I took a really helpful and super informative breastfeeding class before he was born. If I could give a single piece of advice to a mom planning to breastfeed, besides to surround yourself with as many nursing moms as you can, it would be to take a class and then get the phone number of the lactation consultant who teaches it. You will have questions once the baby arrives, I promise.
You’ll also be desperate for encouragement and that’s where the other mommas come in. They want to cheer you on. I guarantee it.
For the first three weeks of breastfeeding that sweet little barracuda, I needed all the encouragement I could get. Besides the fact that he wanted to nurse around the clock (and so sleep was non-existent in our home), his latch was less than great. There were days I’d see spots of blood in his spit up because my nipples were so cracked and raw.
But we kept at it. Learning to breastfeed a first child is the most challenging because you’re both figuring it all out. With the next one(s) you already know, you just have to guide and direct them.
Today, I have the wonderful honor and privilege of nursing our fourth child. If I think about that too much it brings me to tears. I mean, how incredibly humbling. Recently I was thinking about how I have been pregnant or nursing or both for the past 6 years straight. No break. And while at many, many, many times it has been exhausting, oh how it has been immeasurably more rewarding. My children are 4 of the greatest joys in my life and whatever sacrifice they require of me, I’ll give it.
I’ll be honest, it’s not always gladly because motherhood is hard and I am only human. But I’m working on that part, day by day. I want to give with a glad heart.

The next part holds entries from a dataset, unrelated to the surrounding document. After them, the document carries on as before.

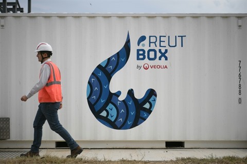 Dans la station d'épuration de Narbonne (Sud de la France), comme dans cinq autres dans le pays, l'opérateur Veolia a mis en service en 2021 une "Réut Box", une infrastructure tenant dans un conteneur qui assure une étape supplémentaire de traitement de l'eau provenant des égouts.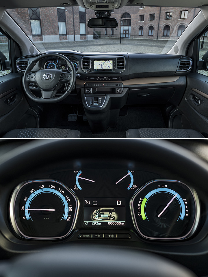 Proace Verso Electric 延续了既有的中控台内装设计基础,但因应纯电动力具备全新的仪表显示设定,驾驶亦可透过中央显示幕了解电池电量等相关资讯。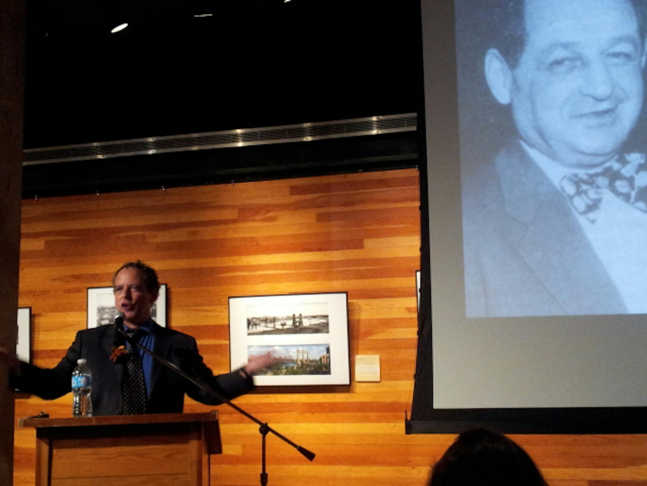 At Mill City Museum Thursday, author Neal Karlen gave an animated recounting of Minneapolis's Jewish-mafia era in the 1940s and '50s. That's club owner Augie Ratner on the right. Photo by Fawn Bernhardt-Norvell.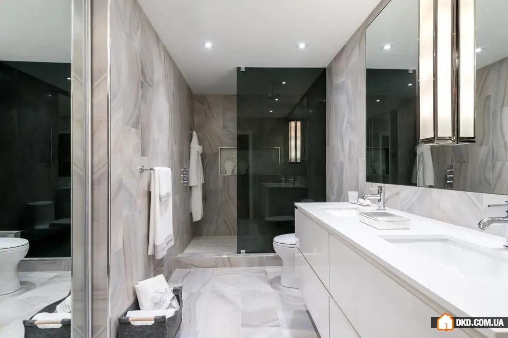 12. 灰色玻璃。瓷砖并不是为浴室增添一点戏剧性的唯一方式。淋浴间与浴室之间的固定隔断,用柔软灰色代替传统透明色看起来尤为出色。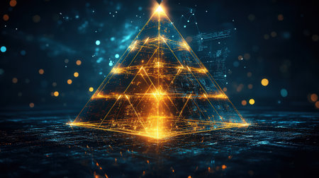An abstract pyramid made of glowing lines and dots, with ascending arrows symbolizing wealth and success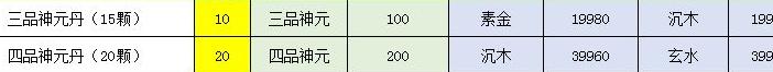 三品四品神元及魔劫材料仍有欠缺,已扣除背包存量,三品神元已成功炼制五颗。

Ultimately breastfeeding, much like childbirth, is a beautiful and messy picture of sacrifice. We give for our children because it’s what they need, it’s what they require of us and it’s what motherhood is. It can be challenging to be needed so often by so many people, but specifically by that nursing babe who is depending on me for constant nourishment and comfort, day in and day out.
My desire is to breastfeed, and mother, with patience and gentleness and kindness rather than it just being something else I have to do. My desire is for my children to see that I give, that I sacrifice, out of love rather than obligation. Because love sacrifices. That’s what love does. And that’s what mothers do.